ORA is a network analysis tool that detects risks or vulnerabilities of an organization's design structure. The design structure of an organization is the relationship among its personnel, knowledge, resources, and tasks entities. These entities and relationships are represented by the Meta-Matrix. Measures that take as input a Meta-Matrix are used to analyze the structural properties of an organization for potential risk. ORA contains over 100 measures which are categorized by which type of risk they detect. Measures are also organized by input requirements and by output. ORA generates formatted reports viewable on screen or in log files, and reads and writes networks in multiple data formats to be interoperable with existing network analysis packages. In addition, it has tools for graphically visualizing Meta-Matrix data and for optimizing a network’s design structure. ORA uses a Java interface for ease of use, and a C++ computational back end.

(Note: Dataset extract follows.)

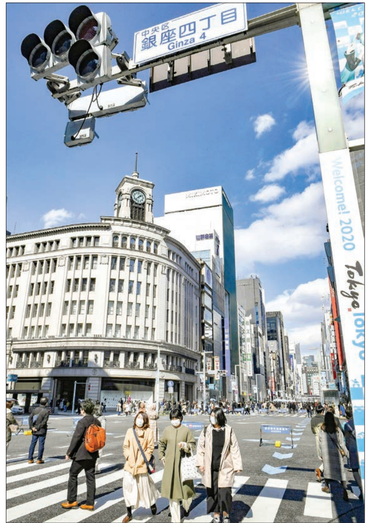
A smaller-than-usual number of people walk in Tokyo's Ginza shopping district on 15 March 2020, amid concerns over the new coronavirus.

The most current edition of ORA software, Version 3, is available in two versions. ORA-LITE is available on the CASOS website. It contains hundreds of social network, dynamic network metrics, trail metrics, procedures for grouping nodes, identifying local patterns, comparing and contrasting networks, groups, and individuals from a dynamic meta-network perspective. ORA-LITE is itself limited to a maximum of 2,000 nodes per entity class. Thus a Meta-Matrix can have 2000 agents, 2000 organizations, and so on. The professional version of ORA, ORA-PRO, which has no limit on the number of nodes and a number of advanced functions is available from Netanomics.